-- Opening Marker --

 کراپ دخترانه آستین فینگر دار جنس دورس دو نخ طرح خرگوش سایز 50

-- Closing Marker --
-- Opening Marker --

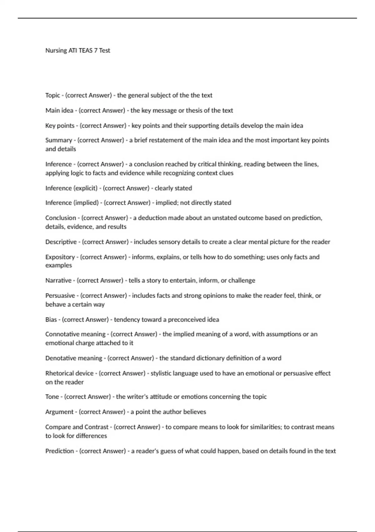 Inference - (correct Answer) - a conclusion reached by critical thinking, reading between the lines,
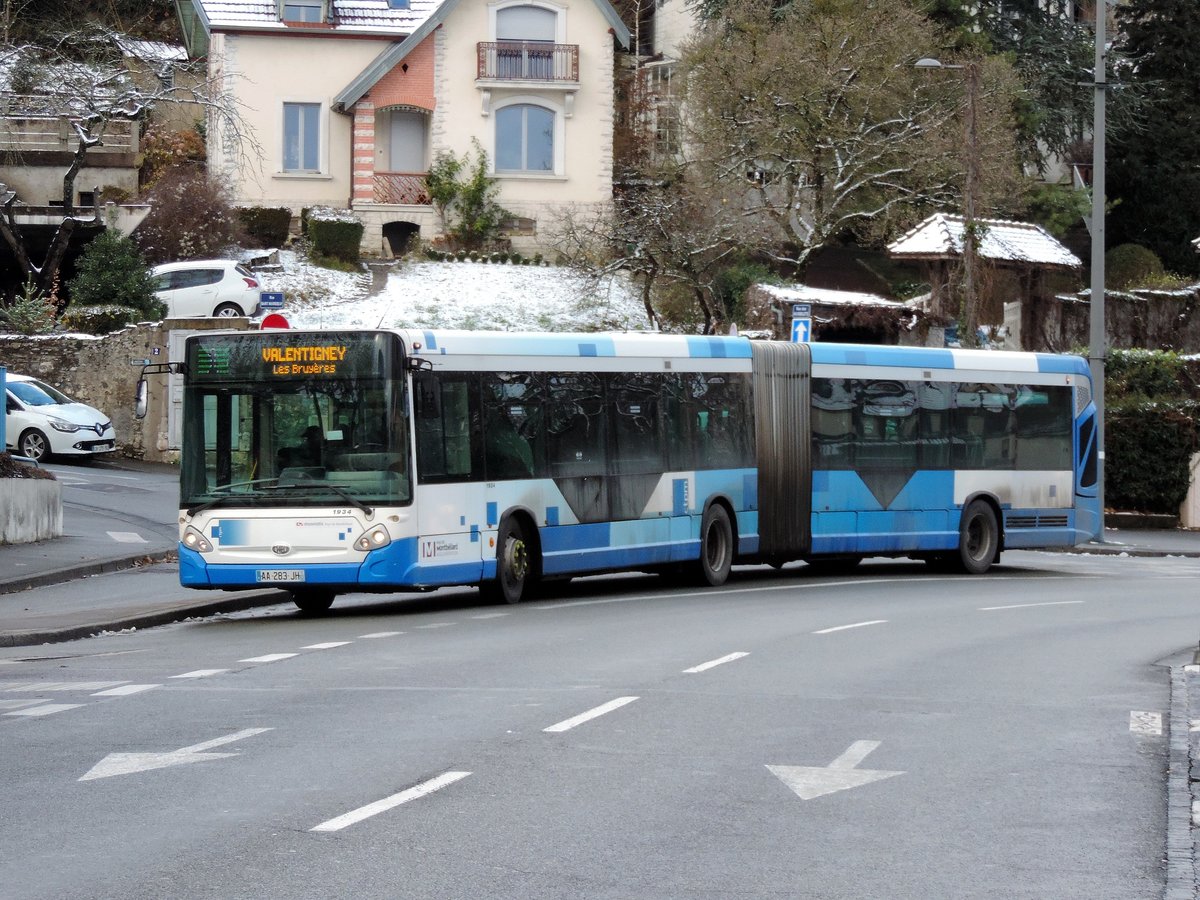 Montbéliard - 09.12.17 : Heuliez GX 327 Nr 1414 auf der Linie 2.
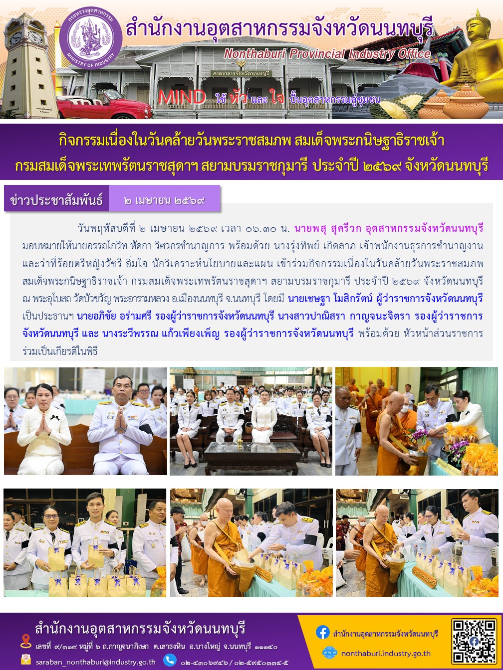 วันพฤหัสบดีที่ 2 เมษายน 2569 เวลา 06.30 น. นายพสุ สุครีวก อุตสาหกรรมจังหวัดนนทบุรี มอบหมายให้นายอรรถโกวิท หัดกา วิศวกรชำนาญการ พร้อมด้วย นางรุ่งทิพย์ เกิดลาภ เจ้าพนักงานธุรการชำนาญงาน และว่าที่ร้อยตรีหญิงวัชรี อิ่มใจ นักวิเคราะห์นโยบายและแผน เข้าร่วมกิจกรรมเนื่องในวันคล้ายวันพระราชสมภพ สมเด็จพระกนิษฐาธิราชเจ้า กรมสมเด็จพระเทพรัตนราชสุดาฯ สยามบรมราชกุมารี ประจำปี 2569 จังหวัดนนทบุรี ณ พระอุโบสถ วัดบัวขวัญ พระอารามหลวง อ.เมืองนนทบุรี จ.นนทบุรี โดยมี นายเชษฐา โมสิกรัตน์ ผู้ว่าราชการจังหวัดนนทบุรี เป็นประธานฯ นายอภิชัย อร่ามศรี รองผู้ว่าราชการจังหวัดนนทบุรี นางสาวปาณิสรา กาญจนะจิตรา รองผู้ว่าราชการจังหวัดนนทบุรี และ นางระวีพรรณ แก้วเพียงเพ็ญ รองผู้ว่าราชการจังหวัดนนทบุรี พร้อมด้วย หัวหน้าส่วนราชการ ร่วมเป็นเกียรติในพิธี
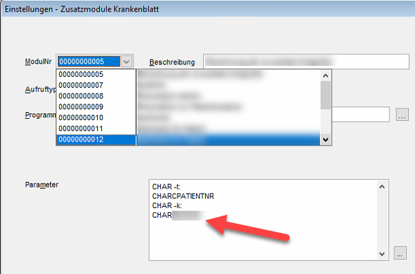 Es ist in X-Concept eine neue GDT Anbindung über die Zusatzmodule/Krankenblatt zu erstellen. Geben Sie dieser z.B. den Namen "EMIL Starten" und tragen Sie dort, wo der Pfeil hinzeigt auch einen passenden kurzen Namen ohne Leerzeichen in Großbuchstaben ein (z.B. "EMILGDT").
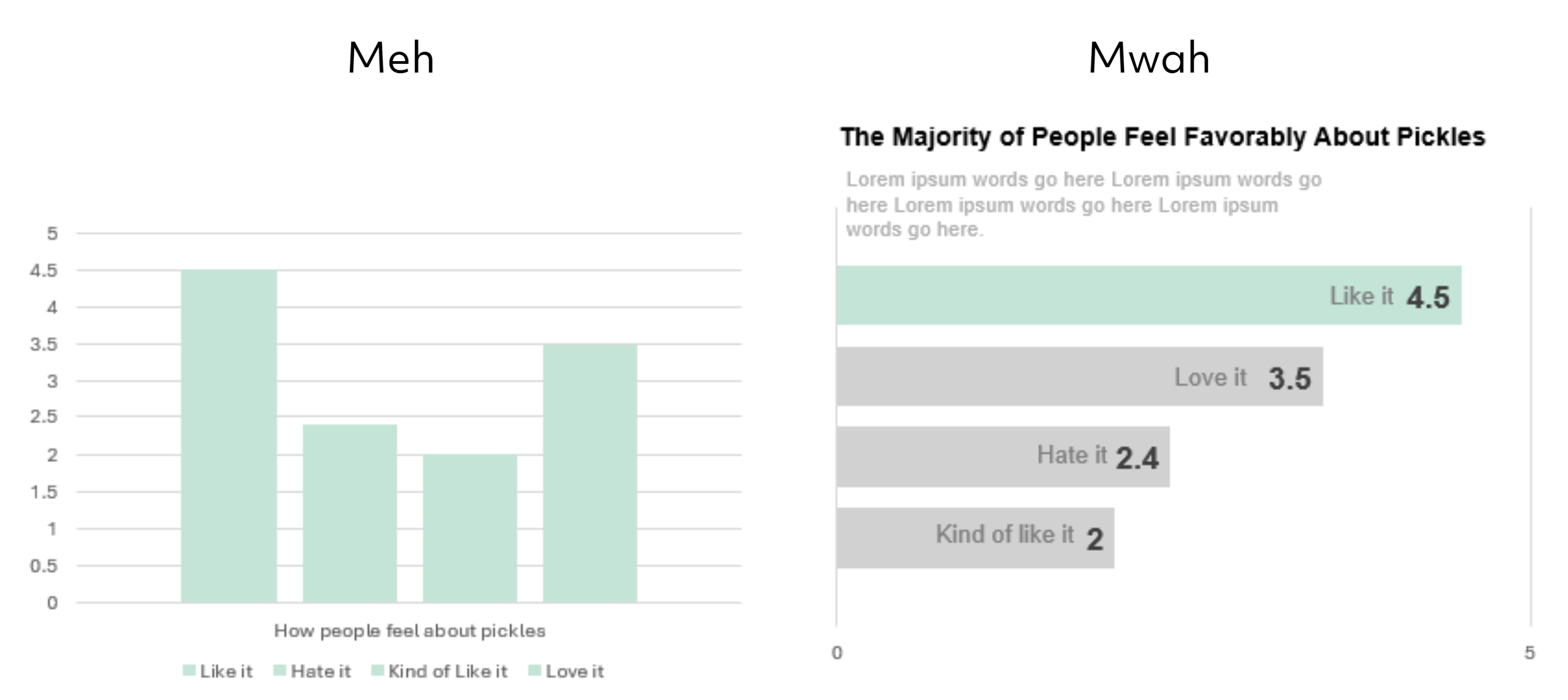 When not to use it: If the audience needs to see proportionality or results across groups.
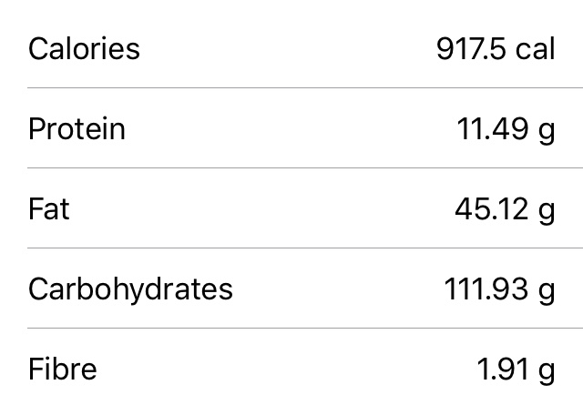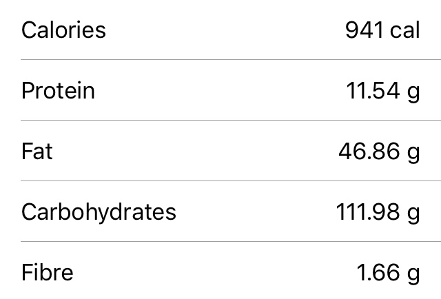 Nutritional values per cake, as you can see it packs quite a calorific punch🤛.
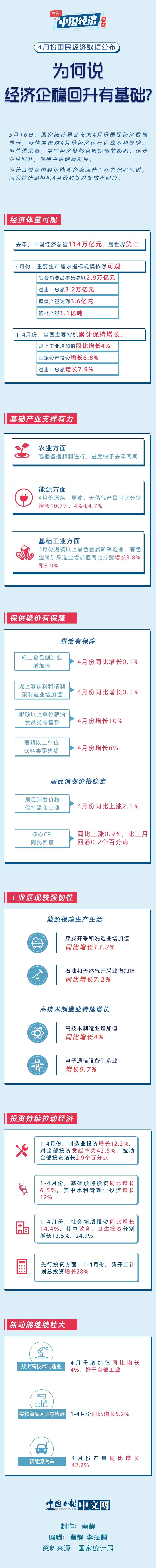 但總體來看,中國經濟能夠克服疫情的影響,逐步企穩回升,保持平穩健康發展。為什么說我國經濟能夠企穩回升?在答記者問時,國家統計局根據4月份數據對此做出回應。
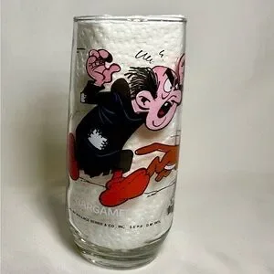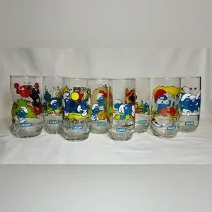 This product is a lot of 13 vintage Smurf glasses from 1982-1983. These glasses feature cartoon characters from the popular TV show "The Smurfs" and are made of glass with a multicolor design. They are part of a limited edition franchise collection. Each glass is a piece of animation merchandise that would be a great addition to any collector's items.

-- Closing Marker --

About this exercise — From the data above, retype only the lines starting with the line with "Es ist in X-Concept" and going on through the line with "When not to", exactly, leaving out the pictures.

Task result —
 Es ist in X-Concept eine neue GDT Anbindung über die Zusatzmodule/Krankenblatt zu erstellen. Geben Sie dieser z.B. den Namen "EMIL Starten" und tragen Sie dort, wo der Pfeil hinzeigt auch einen passenden kurzen Namen ohne Leerzeichen in Großbuchstaben ein (z.B. "EMILGDT").
 When not to use it: If the audience needs to see proportionality or results across groups.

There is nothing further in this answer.